▶ [Task brief] With the pictures omitted, set down exactly the lines from the one that contains "De kleine Wieringa" through the last line of the data.

▶ [Recorded information]
┌──
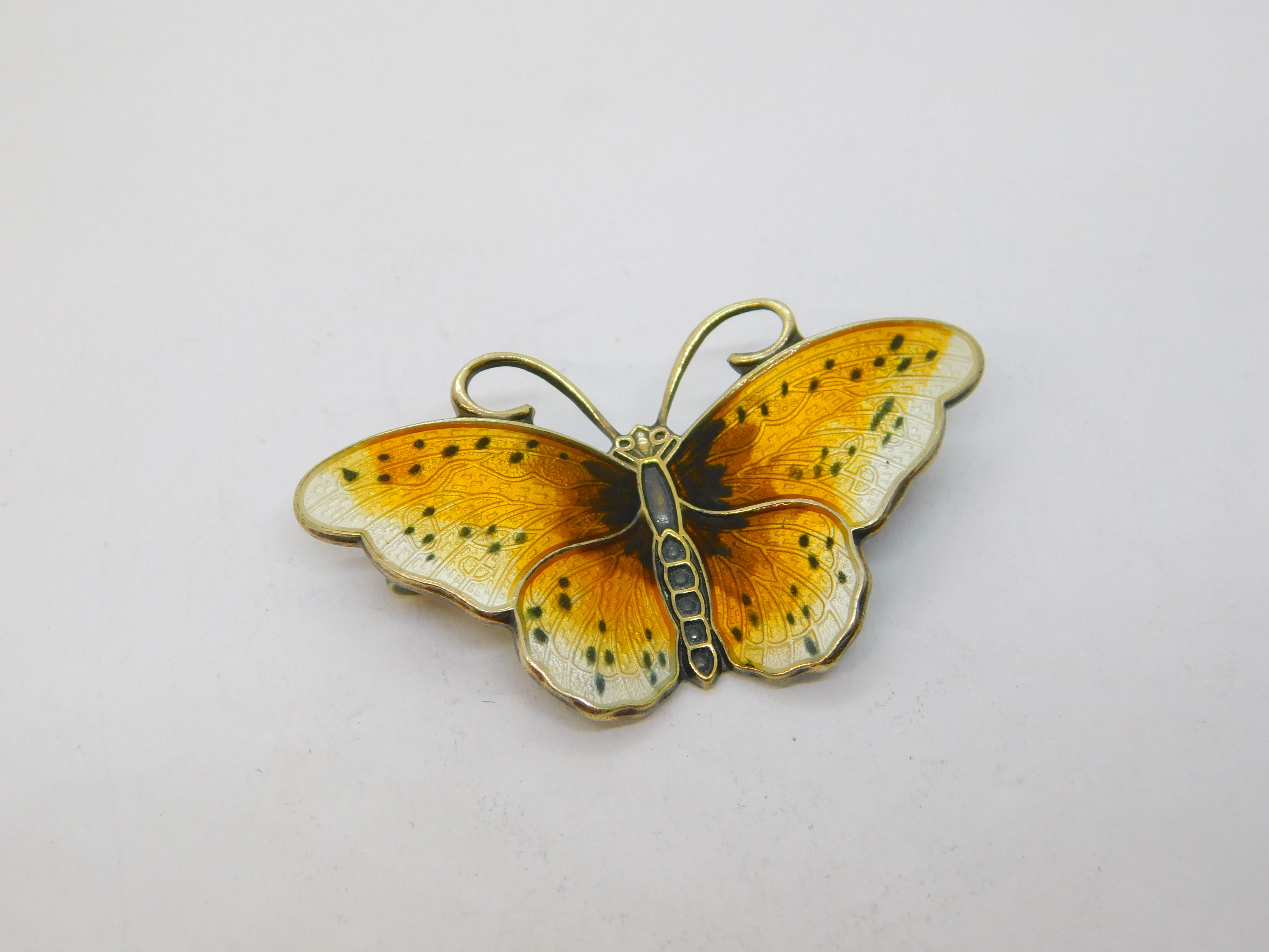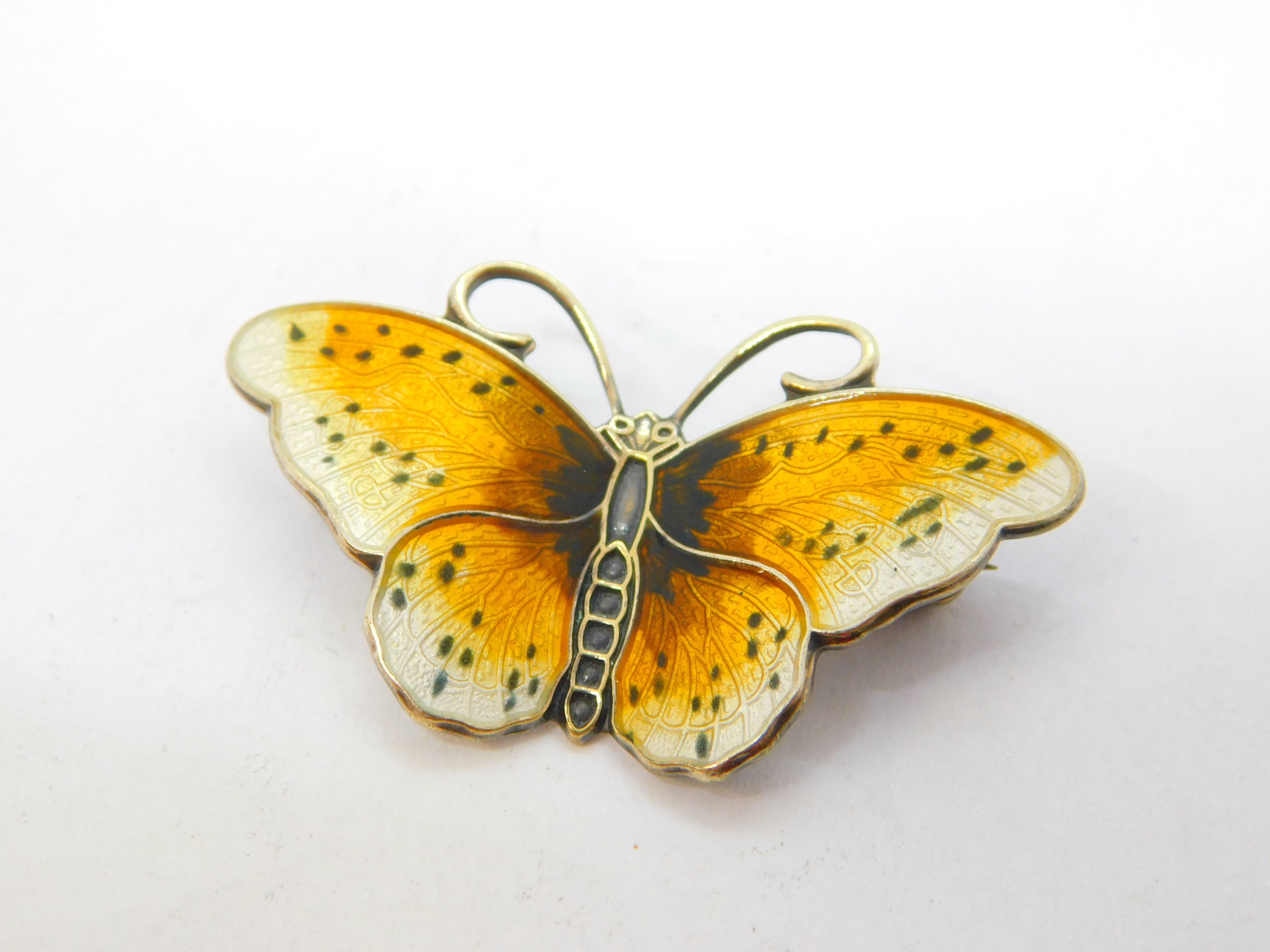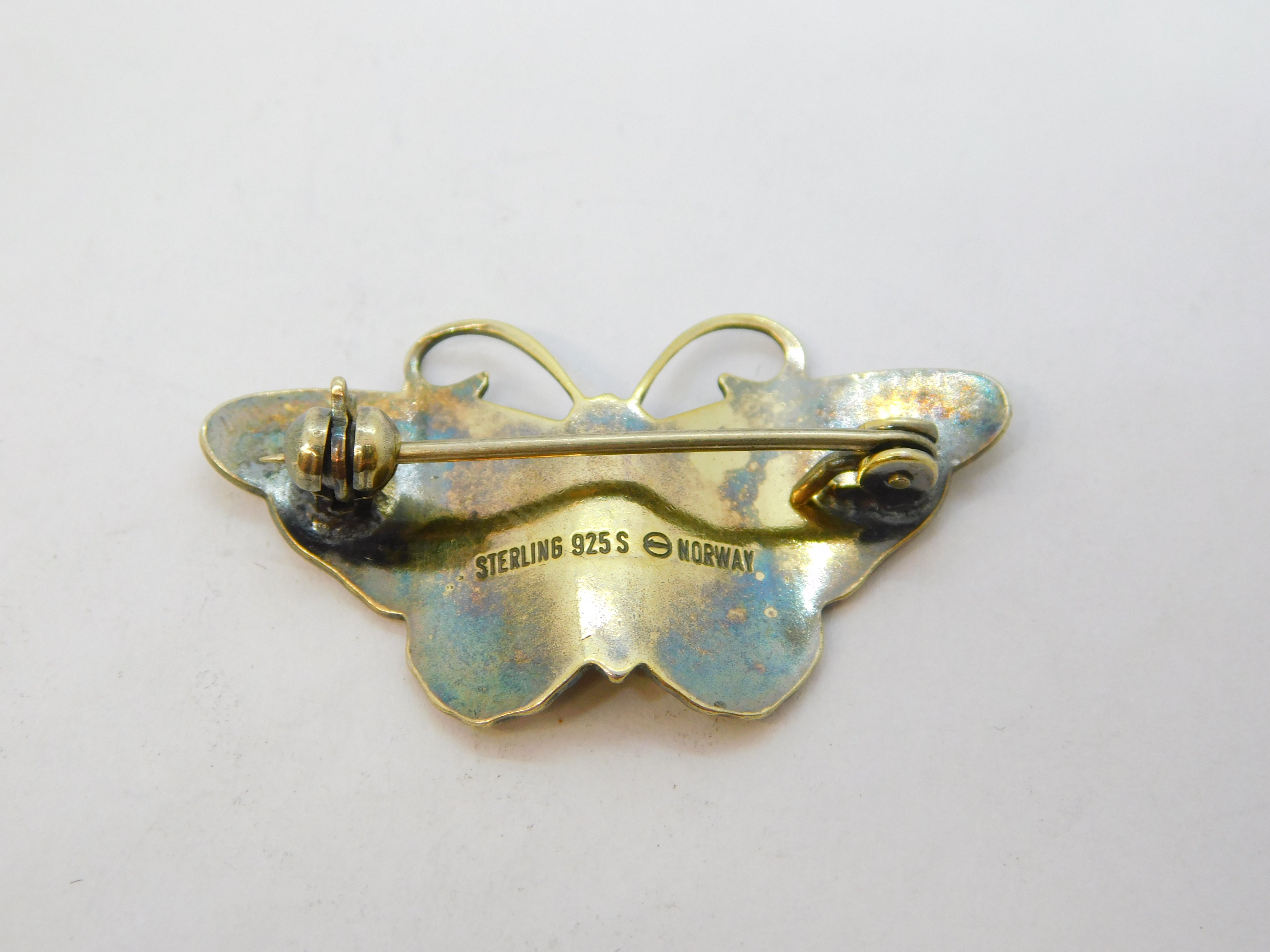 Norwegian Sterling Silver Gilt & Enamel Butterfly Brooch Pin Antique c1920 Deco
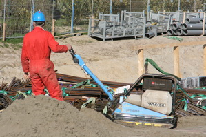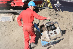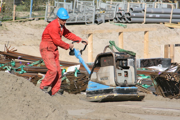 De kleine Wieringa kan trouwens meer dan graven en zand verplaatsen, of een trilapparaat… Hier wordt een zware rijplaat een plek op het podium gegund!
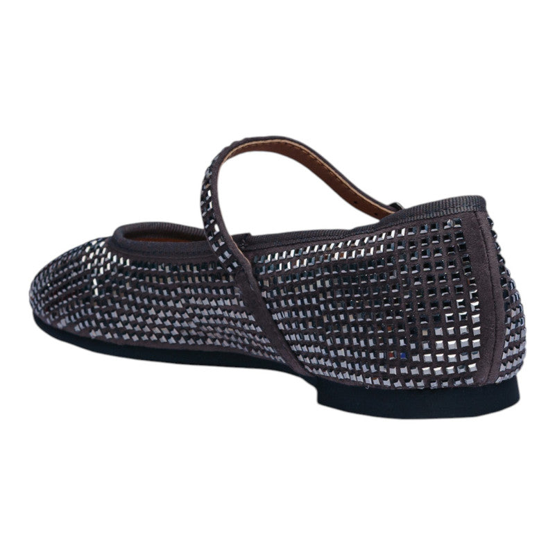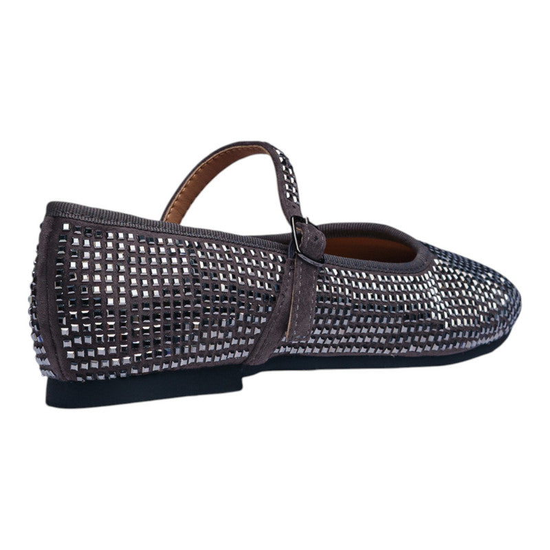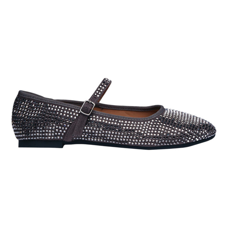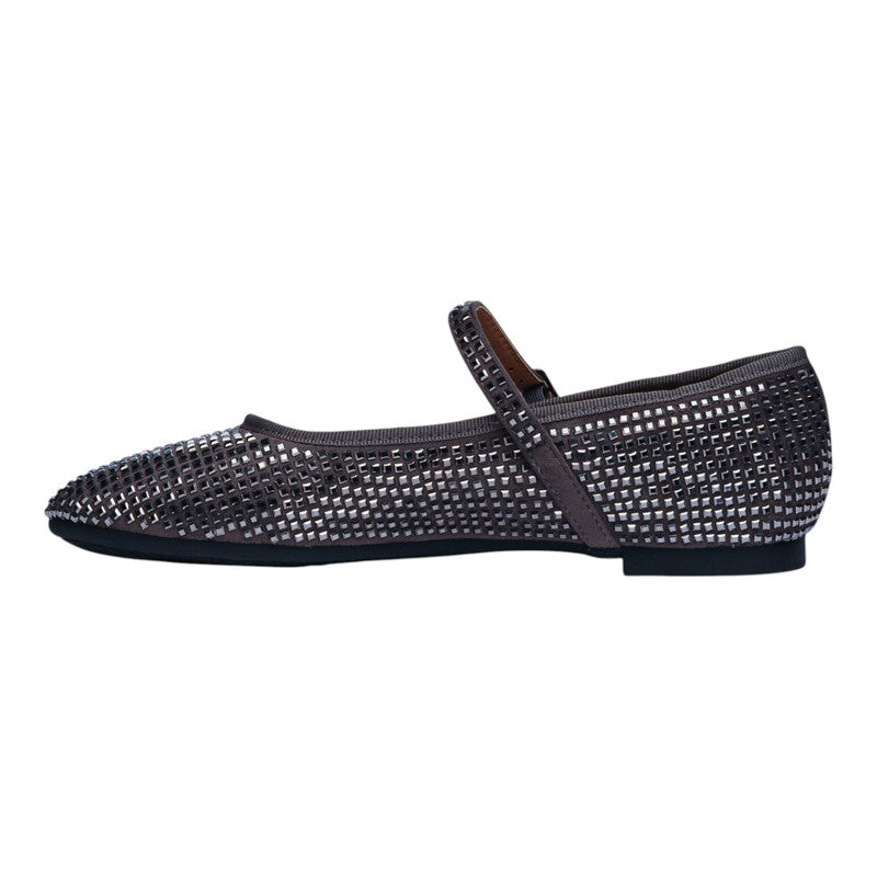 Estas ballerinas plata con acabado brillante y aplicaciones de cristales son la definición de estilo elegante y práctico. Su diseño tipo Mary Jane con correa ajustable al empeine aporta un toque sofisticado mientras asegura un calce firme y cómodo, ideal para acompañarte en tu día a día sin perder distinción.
└──
▶ [Response to this task]
 De kleine Wieringa kan trouwens meer dan graven en zand verplaatsen, of een trilapparaat… Hier wordt een zware rijplaat een plek op het podium gegund!
 Estas ballerinas plata con acabado brillante y aplicaciones de cristales son la definición de estilo elegante y práctico. Su diseño tipo Mary Jane con correa ajustable al empeine aporta un toque sofisticado mientras asegura un calce firme y cómodo, ideal para acompañarte en tu día a día sin perder distinción.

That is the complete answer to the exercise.